--- INPUT RECORDS Enclosed Below ---

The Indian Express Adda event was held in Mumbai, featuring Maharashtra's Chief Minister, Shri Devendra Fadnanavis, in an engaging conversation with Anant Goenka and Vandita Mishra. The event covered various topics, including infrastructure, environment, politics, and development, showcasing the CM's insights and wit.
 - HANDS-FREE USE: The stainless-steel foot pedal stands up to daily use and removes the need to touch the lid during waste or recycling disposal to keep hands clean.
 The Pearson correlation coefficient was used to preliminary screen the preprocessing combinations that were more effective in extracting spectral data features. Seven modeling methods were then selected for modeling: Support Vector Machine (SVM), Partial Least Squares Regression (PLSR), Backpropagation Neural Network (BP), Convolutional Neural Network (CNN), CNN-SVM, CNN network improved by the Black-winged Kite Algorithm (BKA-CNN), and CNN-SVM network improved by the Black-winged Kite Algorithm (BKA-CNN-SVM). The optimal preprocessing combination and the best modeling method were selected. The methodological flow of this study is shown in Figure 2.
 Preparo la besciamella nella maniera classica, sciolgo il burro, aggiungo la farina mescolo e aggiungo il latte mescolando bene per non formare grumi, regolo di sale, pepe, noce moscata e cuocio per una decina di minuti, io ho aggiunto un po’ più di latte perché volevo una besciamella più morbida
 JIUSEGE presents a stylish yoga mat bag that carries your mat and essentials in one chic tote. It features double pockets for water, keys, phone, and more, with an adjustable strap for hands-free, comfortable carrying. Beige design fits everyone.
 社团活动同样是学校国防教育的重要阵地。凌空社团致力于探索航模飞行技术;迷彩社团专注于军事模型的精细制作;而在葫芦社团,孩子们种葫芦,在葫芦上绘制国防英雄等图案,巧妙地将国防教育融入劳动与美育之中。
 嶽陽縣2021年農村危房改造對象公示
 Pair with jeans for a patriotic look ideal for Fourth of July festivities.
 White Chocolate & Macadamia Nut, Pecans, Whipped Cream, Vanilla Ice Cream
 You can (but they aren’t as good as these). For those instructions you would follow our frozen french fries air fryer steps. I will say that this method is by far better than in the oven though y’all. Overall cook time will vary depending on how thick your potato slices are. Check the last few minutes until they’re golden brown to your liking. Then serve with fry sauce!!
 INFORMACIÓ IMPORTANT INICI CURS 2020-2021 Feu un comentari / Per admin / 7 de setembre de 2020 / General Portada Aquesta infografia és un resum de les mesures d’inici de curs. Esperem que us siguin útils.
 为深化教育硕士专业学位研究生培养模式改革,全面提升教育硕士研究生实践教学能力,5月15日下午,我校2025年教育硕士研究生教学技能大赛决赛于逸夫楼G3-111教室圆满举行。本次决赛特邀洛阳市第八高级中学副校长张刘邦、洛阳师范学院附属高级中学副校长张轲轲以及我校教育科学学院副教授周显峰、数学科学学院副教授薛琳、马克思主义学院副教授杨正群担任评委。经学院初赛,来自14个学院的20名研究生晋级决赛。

--- End of Enclosed INPUT RECORDS ---

TASK:
In the entries above, restate word for word the lines between the one holding "The Pearson correlation" and the one holding "White Chocolate &", inclusive, and nothing besides.

RESULT BELOW:
 The Pearson correlation coefficient was used to preliminary screen the preprocessing combinations that were more effective in extracting spectral data features. Seven modeling methods were then selected for modeling: Support Vector Machine (SVM), Partial Least Squares Regression (PLSR), Backpropagation Neural Network (BP), Convolutional Neural Network (CNN), CNN-SVM, CNN network improved by the Black-winged Kite Algorithm (BKA-CNN), and CNN-SVM network improved by the Black-winged Kite Algorithm (BKA-CNN-SVM). The optimal preprocessing combination and the best modeling method were selected. The methodological flow of this study is shown in Figure 2.
 Preparo la besciamella nella maniera classica, sciolgo il burro, aggiungo la farina mescolo e aggiungo il latte mescolando bene per non formare grumi, regolo di sale, pepe, noce moscata e cuocio per una decina di minuti, io ho aggiunto un po’ più di latte perché volevo una besciamella più morbida
 JIUSEGE presents a stylish yoga mat bag that carries your mat and essentials in one chic tote. It features double pockets for water, keys, phone, and more, with an adjustable strap for hands-free, comfortable carrying. Beige design fits everyone.
 社团活动同样是学校国防教育的重要阵地。凌空社团致力于探索航模飞行技术;迷彩社团专注于军事模型的精细制作;而在葫芦社团,孩子们种葫芦,在葫芦上绘制国防英雄等图案,巧妙地将国防教育融入劳动与美育之中。
 嶽陽縣2021年農村危房改造對象公示
 Pair with jeans for a patriotic look ideal for Fourth of July festivities.
 White Chocolate & Macadamia Nut, Pecans, Whipped Cream, Vanilla Ice Cream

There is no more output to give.